Юлия Сергеевна обыкновенно молчала в его присутствии, и он странным образом, быть может чутьем влюбленного, угадывал ее мысли и намерения. И теперь он сообразил, что если она после всенощной не пошла к себе переодеваться и пить чай, то, значит, пойдет сегодня вечером еще куда-нибудь в гости.
– Но я не тороплюсь с ночлежным домом, – продолжал он уже с раздражением и досадой, обращаясь к доктору, который глядел на него как-то тускло и с недоумением, очевидно не понимая, зачем это ему понадобилось поднимать разговор о медицине и гигиене. – И, должно быть, не скоро еще я воспользуюсь нашею сметой. Я боюсь, что наш ночлежный дом попадет в руки наших московских святош и барынь-филантропок, которые губят всякое начинание.
Юлия Сергеевна поднялась и протянула Лаптеву руку.

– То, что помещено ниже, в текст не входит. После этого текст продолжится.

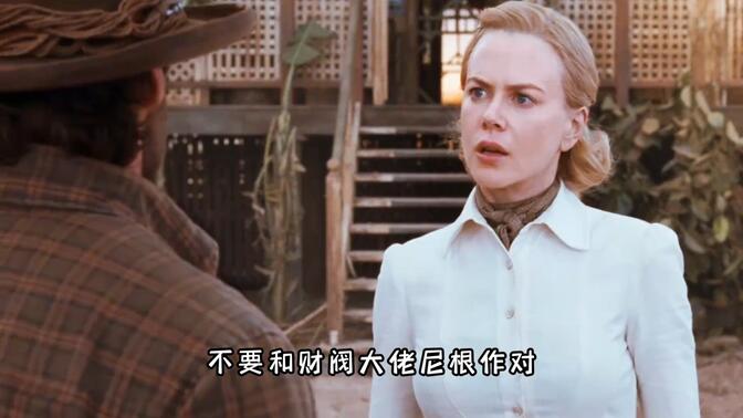 影评有说是史诗片,但这个定位太高了。妮可基德曼无懈可击的表演为影片增色不少。矫揉的英国贵妇、无助的牧场新寡妇、与土著混杂一起的牛仔、主流社会的叛逆者、战争期间军队服务者等等各个层面上的表演,各个方面都很好地塑造了“老板夫人”这个角色。开局设置的矛盾,在电影后面展开中挖掘深度还嫌不够,“外公”这个角色没有起到什么作用就是一例。

– Виновата, – сказала она, – мне пора. Поклонитесь вашей сестре, пожалуйста.
– Ру-ру-ру-ру, – запел доктор. – Ру-ру-ру-ру.
Юлия Сергеевна вышла, и Лаптев немного погодя простился с доктором и пошел домой. Когда человек неудовлетворен и чувствует себя несчастным, то какою пошлостью веет на него от этих лип, теней, облаков, от всех этих красот природы, самодовольных и равнодушных! Луна стояла уже высоко, и под нею быстро бежали облака. «Но какая наивная, провинциальная луна, какие тощие, жалкие облака!» – думал Лаптев. Ему было стыдно, что он только что говорил о медицине и о ночлежном доме, он ужасался, что и завтра у него не хватит характера, и он опять будет пытаться увидеть ее и говорить с ней и еще раз убедится, что он для нее чужой. Послезавтра – опять то же самое. Для чего? И когда и чем все это кончится?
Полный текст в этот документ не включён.